◆ **Brief**: Of all the lines below, output only those starting at the one with "T810為真正的全能儀器。通" and ending at the one with "Ecru and Purple Ikkat Saree", both ends included, exactly as written.

◆ **Data records**:
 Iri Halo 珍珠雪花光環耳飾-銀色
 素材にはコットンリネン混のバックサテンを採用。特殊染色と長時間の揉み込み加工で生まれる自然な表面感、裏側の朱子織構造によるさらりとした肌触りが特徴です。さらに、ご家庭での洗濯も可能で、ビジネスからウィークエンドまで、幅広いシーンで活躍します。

--

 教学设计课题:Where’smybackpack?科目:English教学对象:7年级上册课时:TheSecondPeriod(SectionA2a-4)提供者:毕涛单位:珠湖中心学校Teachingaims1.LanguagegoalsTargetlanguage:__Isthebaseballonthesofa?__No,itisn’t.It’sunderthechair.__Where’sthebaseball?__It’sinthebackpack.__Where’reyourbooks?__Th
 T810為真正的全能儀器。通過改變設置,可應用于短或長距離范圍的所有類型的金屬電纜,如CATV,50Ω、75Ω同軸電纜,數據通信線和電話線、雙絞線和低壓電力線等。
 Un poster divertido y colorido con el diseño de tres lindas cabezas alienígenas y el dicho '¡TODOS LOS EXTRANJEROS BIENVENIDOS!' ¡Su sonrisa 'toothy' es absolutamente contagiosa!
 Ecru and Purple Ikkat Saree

◆ **Result**:
 T810為真正的全能儀器。通過改變設置,可應用于短或長距離范圍的所有類型的金屬電纜,如CATV,50Ω、75Ω同軸電纜,數據通信線和電話線、雙絞線和低壓電力線等。
 Un poster divertido y colorido con el diseño de tres lindas cabezas alienígenas y el dicho '¡TODOS LOS EXTRANJEROS BIENVENIDOS!' ¡Su sonrisa 'toothy' es absolutamente contagiosa!
 Ecru and Purple Ikkat Saree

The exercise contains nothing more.